Antes del fallo, no todos los principales medios ofrecieron análisis rigurosos ni equilibrio informativo. Abundaron titulares editorializados, y Semana llegó incluso a escarbar el pasado ideológico de la jueza Sandra Heredia. La izquierda, liderada por el petrismo, aplaudió el fallo con fervor de inquisición, elevando a Iván Cepeda como paladín del antiuribismo y a la jueza como heroína de la justicia popular. En vez de celebrar la independencia judicial como valor institucional, la usaron como ajuste de cuentas. La derecha, por su parte, entre acusaciones de persecución y teorías conspirativas, optó por deslegitimar el sistema judicial. Los contrasentidos del caos: quienes se proclaman guardianes del orden y referentes democráticos, hoy ponen en duda el Estado de Derecho cuando este no favorece a su líder, mientras que el otro extremo —agitador del sistema que ahora lo sostiene— celebra la condena y aplaude una institucionalidad que, esta vez, le es útil. En medio, queda una ciudadanía polarizada y manipulada con fines electorales.
A ello se suman las críticas del secretario de Estado y de congresistas republicanos estadounidenses que, en abierta intromisión, cuestionaron la sentencia de una república soberana. El Centro Democrático, que enarbola un nacionalismo patriótico, traiciona esos principios si permite que potencias extranjeras funjan de garantes de nuestras instituciones. Así se perfila un choque entre dos populismos: uno de derecha, republicano y reaccionario, y otro de izquierda, de bolivarismo anacrónico.

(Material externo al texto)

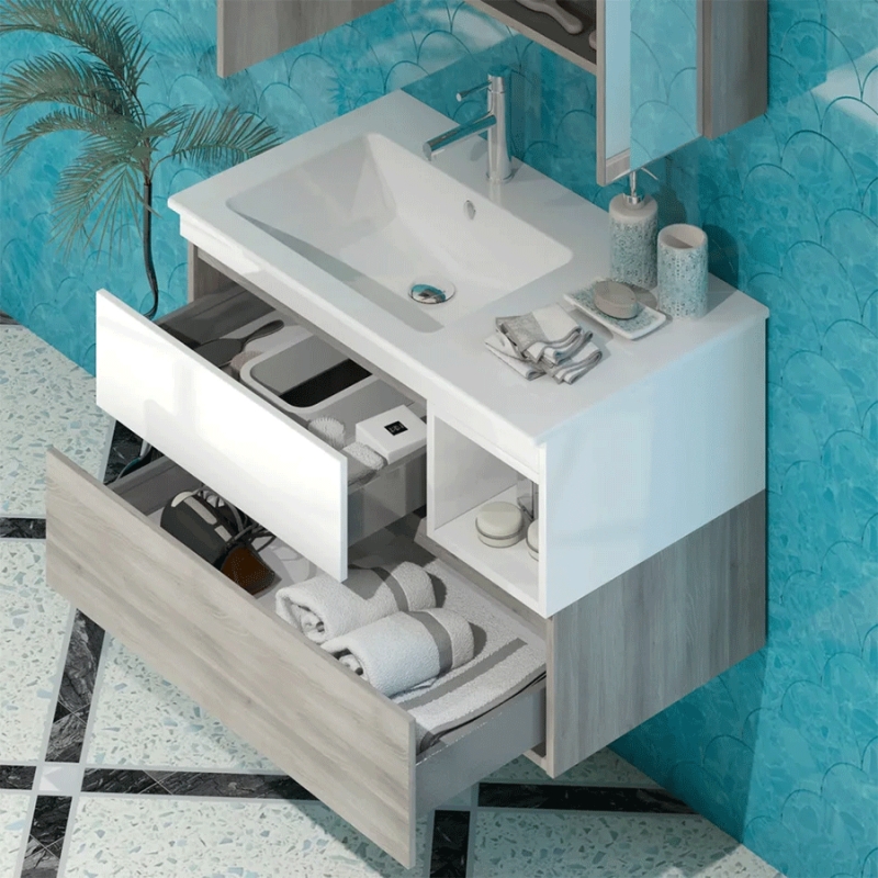 Подвесная тумба под раковину Opadiris Фортуна 90 Z0000015122 с двумя ящиками. Цвет: белый глянец, орегон.

“Veredicto” proviene del latín verus (verdad) y dictum (dicho): “la verdad dicha”, decían en la antigua Roma, cuna de nuestro sistema jurídico. En un Estado de derecho, todos los ciudadanos pactamos con este la prevalencia de la verdad judicial sobre la verdad personal, siempre que aquella surja de un debido proceso con todas las garantías constitucionales, como ha sido el caso del expresidente Uribe durante los últimos siete años. La comprobación de su verdad personal, que él persigue y que sus seguidores fielmente defienden, deberá continuar el camino legal que el sistema judicial ofrece a todos los ciudadanos. Mientras tanto, lo democrático y lo decente es respetar la verdad de los jueces, que hablan en nombre del Estado.
La condena a Uribe pone a prueba nuestra madurez democrática. Más que celebrarla o repudiarla visceralmente, deberíamos asumir lo que representa: una democracia con poderes independientes capaz de romper las creencias de que la justicia solo aplica para “los de ruana”, y de que justicia y política se funden, erosionando la legitimidad de las instituciones y de los liderazgos, en un país con frágil cohesión institucional.